Cybersecurity regulation in Philippines (2026)

The Bangko Sentral ng Pilipinas (BSP) unveiled the six-year Financial Services Cyber Resilience Plan (FSCRP), directing all BSP-supervised financial institutions to adopt standardised incident-response protocols and resilience benchmarks. This followed P5.82 billion in recorded cyber losses across the financial sector in 2024.

President Marcos signed Republic Act No. 12010 (AFASA), criminalising money muling and social engineering schemes (phishing, smishing, vishing) with penalties up to 10 years imprisonment. It imposes liability on financial institutions that fail to prevent account takeovers, significantly extending cybersecurity obligations beyond RA 10175.

Threat actor 'Sp1d3r' claimed to have exfiltrated data on up to 32 million customers across Jollibee's brands; the National Privacy Commission confirmed approximately 11 million records were affected — including dates of birth and senior citizen IDs — making it the largest confirmed data breach in Philippine history. The NPC opened a formal investigation.

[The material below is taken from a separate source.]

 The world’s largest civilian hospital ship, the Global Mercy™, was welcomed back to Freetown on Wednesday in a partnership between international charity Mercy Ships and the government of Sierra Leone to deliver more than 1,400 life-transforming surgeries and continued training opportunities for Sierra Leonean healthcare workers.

President Marcos issued EO 58, formally adopting the NCSP 2023–2028 as the country's whole-of-nation cybersecurity roadmap and directing all national government agencies to align their own cybersecurity plans with it. The plan uses a CIANA-PS framework and designates DICT/CICC as the lead implementation body.

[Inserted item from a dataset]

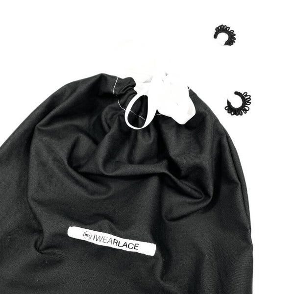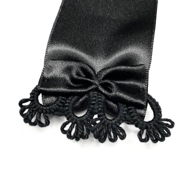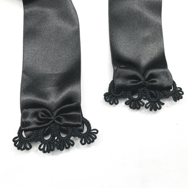 The satin ribbon is handcrafted with elements of handmade black lace.
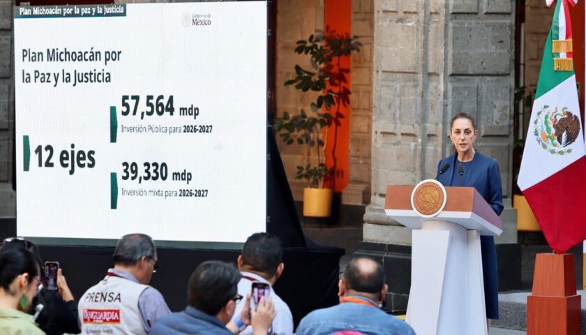 “Estoy seguro de que con usted presidenta, con su compromiso, inteligencia, y sensibilidad, Michoacán volverá a confiar”, refirió el mandatario, tras puntualizar que el Gobierno estatal, acompañará este Plan con 2 mil 700 millones de pesos para seguridad, acciones para jóvenes, cultura, turismo, salud, apoyo al campo e infraestructura.

The National Privacy Commission's Circular 2023-06 took effect, prescribing mandatory technical and organisational security controls for all personal information controllers and processors, including DPO designation, privacy impact assessments, and mandatory breach-response procedures; entities were given until 30 March 2025 to achieve full compliance.

The Philippine Health Insurance Corporation suffered a Medusa ransomware attack that paralysed member portals and compromised approximately 72 workstations; the attackers demanded USD 300,000 and, when unpaid, publicly leaked the database on Telegram. DICT issued a national technical advisory, and the NPC launched a self-check portal for affected members.

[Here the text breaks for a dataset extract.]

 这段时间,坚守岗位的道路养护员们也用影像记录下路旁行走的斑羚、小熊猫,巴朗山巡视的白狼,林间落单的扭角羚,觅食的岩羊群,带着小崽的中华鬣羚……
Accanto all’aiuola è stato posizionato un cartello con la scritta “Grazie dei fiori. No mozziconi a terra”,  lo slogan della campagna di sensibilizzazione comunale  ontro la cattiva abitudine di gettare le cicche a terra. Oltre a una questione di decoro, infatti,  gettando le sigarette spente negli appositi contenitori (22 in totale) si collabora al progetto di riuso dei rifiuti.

Republic Act No. 11934 required all mobile subscribers to register SIM cards with their real identities, aimed at eliminating the anonymity that enables phishing and SMS scams; telcos were given six months to implement, and unregistered SIMs were deactivated by mid-2023. The law is enforced by the National Telecommunications Commission.

Bangko Sentral ng Pilipinas issued Circular No. 1140 mandating all BSP-supervised financial institutions to deploy robust fraud management systems to detect and prevent cyber-enabled fraud; the measure also overhauled IT Risk Management regulations and introduced the ASTERisC* suptech platform for automated cybersecurity compliance supervision.

Hackers under Anonymous Philippines defaced the Commission on Elections website; separately, LulzSec Pilipinas dumped the entire 340 GB voter database online, exposing biometric data, passport numbers, and fingerprints of 55 million registered voters — still one of the largest government data breaches in world history and a catalyst for NPC enforcement build-up.

The Supreme Court (G.R. No. 203335) lifted its October 2012 TRO and upheld the core cybercrime offences under RA 10175 — illegal access, data interference, cybersex, and child pornography provisions — while striking down the online libel provision for being overbroad, giving the Cybercrime Prevention Act its final constitutional shape.

President Aquino signed RA 10175 into law, criminalising illegal access, data and system interference, computer-related fraud, cybersex, and child pornography; it also created the Cybercrime Investigation and Coordinating Center (CICC) as the national cybersecurity coordination body and established real-time collection powers for law enforcement.

Republic Act No. 10173 established the foundational personal-data protection regime for both the public and private sectors, created the independent National Privacy Commission (NPC) to enforce it, and set mandatory breach-notification and data-subject-rights obligations that underpin all subsequent cybersecurity compliance requirements.